A pesquisa revela que praticamente 2/3 dos entrevistados (64,3%) acham que o mandato deve ser por tempo determinado para o exercício da função, ao contrário da situação atual na qual um ministro do STF só deixa o cargo ao se aposentar. Somente 25,7% dos entrevistados preferem manter tudo como está.

Entre aqueles que concordam com um prazo definido para o mandato dos magistrados do STF, há imensa preferência (81%) por um mandato idêntico ao de um senador da República: 8 anos. O prazo máximo indicado pela pesquisa (20 anos) obteve um pequeno percentual (3,1%), menor até mesmo que o percentual dos que não souberam ou preferiram não opinar (4,3%).

Tenho defendido que o país precisa de uma corte constitucional, cujos membros tenham mandato e que cuide, exclusivamente, de proteger e resguardar a Constituição da República. Isso evitaria o surgimento de ministros oráculos que se permitem arvorar a decidir o destino político do país, ao mesmo tempo em que se acovardam diante das mazelas sociais que batem à porta do STF. Essas figuras curiosas, reflexo das transmissões ao vivo da TV Justiça, ao mesmo tempo em que decidem sem qualquer preocupação com a Constituição, tornam-se celebridades fora do tribunal, acreditando, mesmo diante do evidente ridículo, serem os novos intérpretes do Brasil.

Toda essa soberba e autoritarismo tem como uma das suas raízes a inexistência de limite temporal para o exercício do cargo. São poderes praticamente absolutos os que detêm os ministros da suprema corte, longe de qualquer controle da sociedade e do próprio Direito.

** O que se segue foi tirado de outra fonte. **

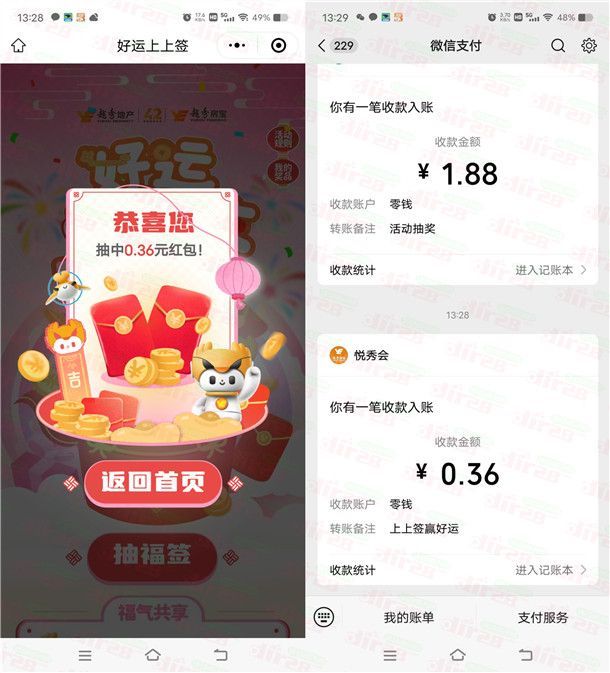 参加越秀房宝举办的好运上上签抽最高88元微信红包活动,通过打开微信进去小程序活动里,在活动里直接点抽福签抽奖,不限次数,如果没中可以反复抽,小编测试中到0.36元红包秒推零钱,号多的可以换号撸,非必中。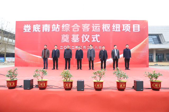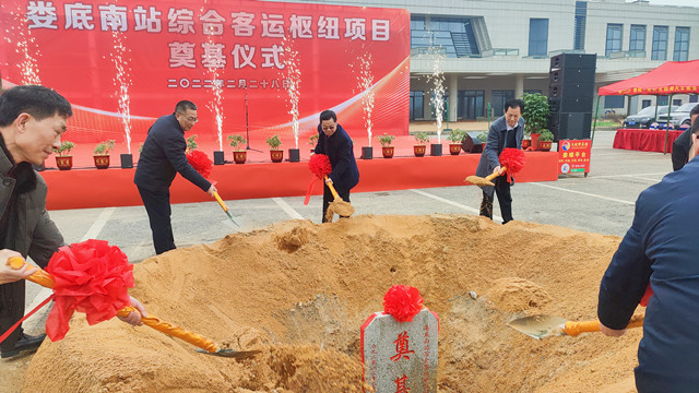 2月28日上午,婁底南站綜合客運樞紐項目奠基儀式在高鐵南站東側(cè)項目現(xiàn)場舉行。市政協(xié)一級巡視員易南斌宣布項目奠基,市人民政府副秘書長鄒定源主持奠基儀式,市交通運輸局黨組成員、副局長扶林,市創(chuàng)發(fā)集團黨委書記、董事長劉建,黨委委員、副總經(jīng)理肖小波,萬寶投資集團董事長梁養(yǎng)賢、總經(jīng)理徐業(yè)波,市道路運輸服務(wù)中心主任毛建輝,以及創(chuàng)發(fā)集團、萬寶投資集團、有關(guān)建設(shè)單位、監(jiān)理單位代表參加奠基儀式。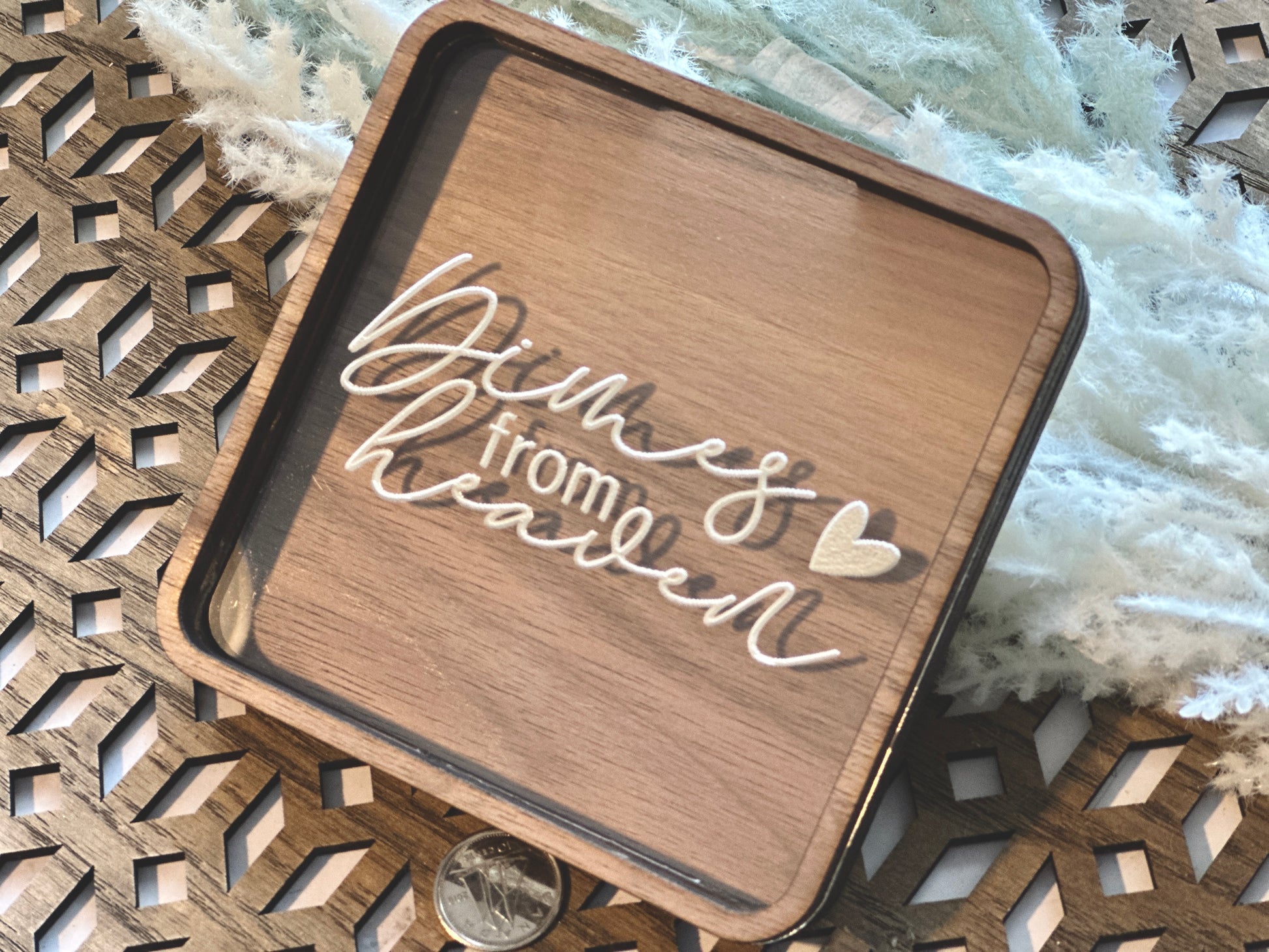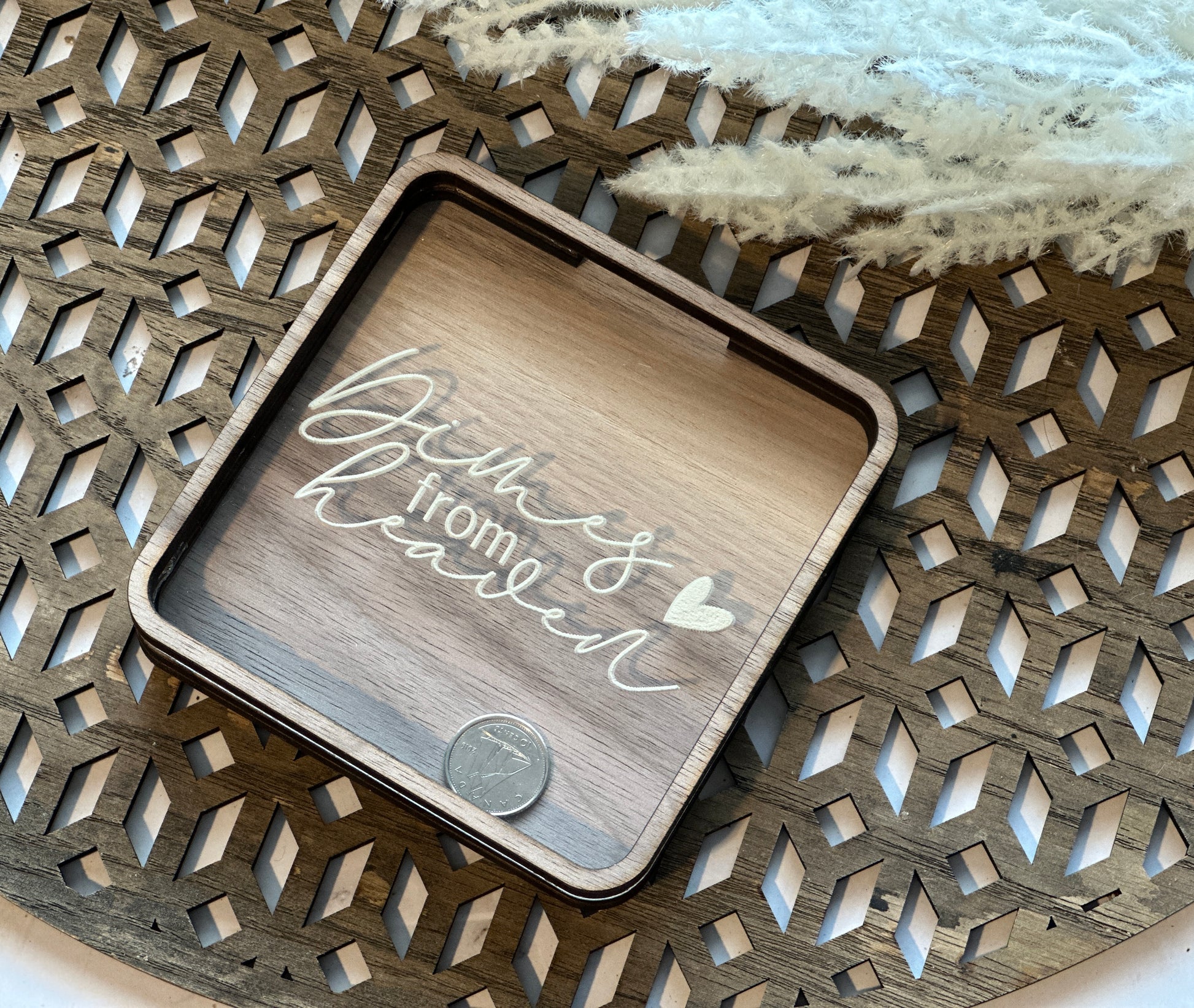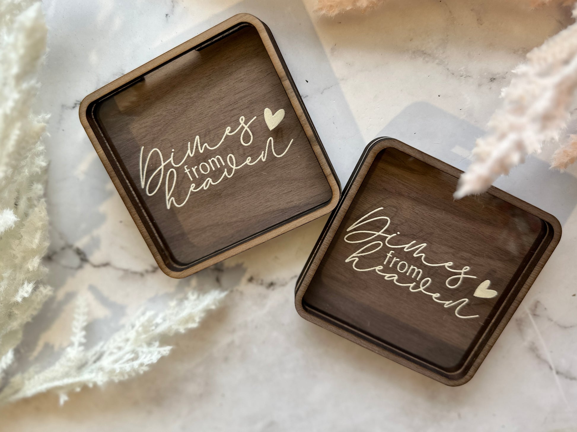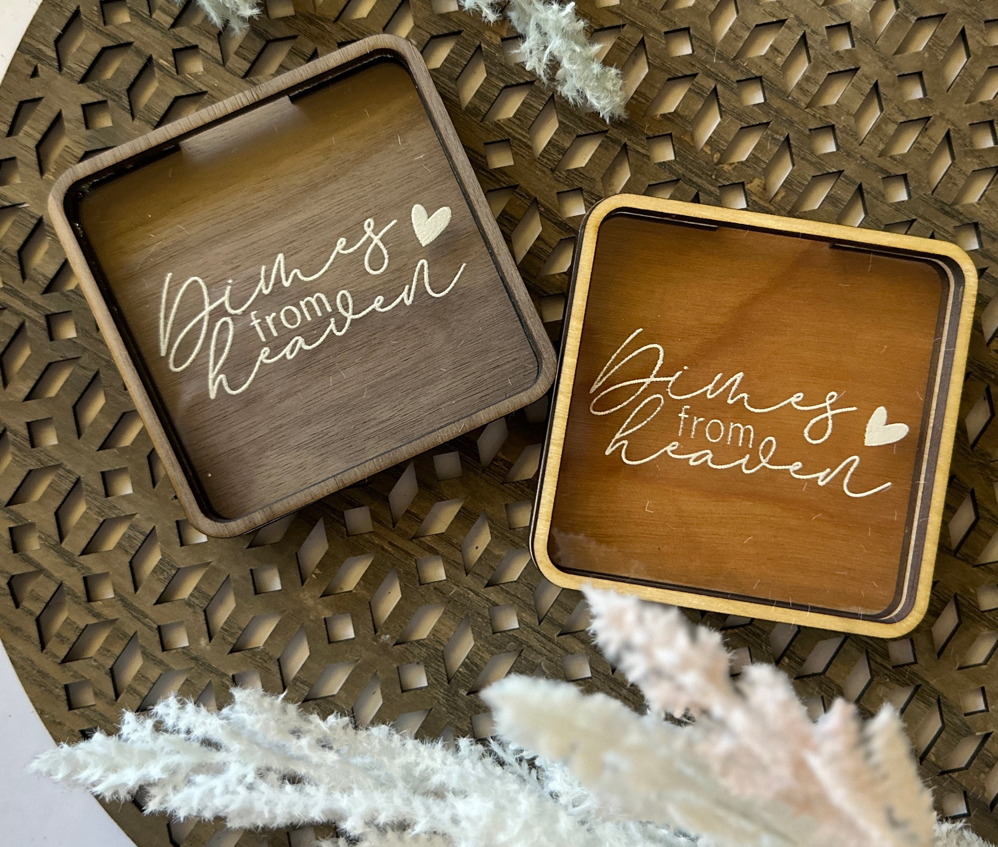 This 4”x4” bank made from walnut and clear acrylic is an amazing place to pop your reminders from loved ones.

A JusDH, organização da sociedade civil, tem desde 2011 apresentado propostas e críticas à forma como o Judiciário se organiza no Brasil. Dentre elas, no que toca ao processo de escolha de ministros do STF, a organização defende chamada pública de candidaturas; disponibilização dos nomes e antecedentes curriculares das candidaturas consideradas pela Presidência da República (no portal eletrônico da mesma); abertura de prazo para consulta pública a respeito dos pré-candidatos e publicização das informações; elaboração e publicação de relatório final que justifique a escolha do candidato ou candidata que será submetido à sabatina do Senado.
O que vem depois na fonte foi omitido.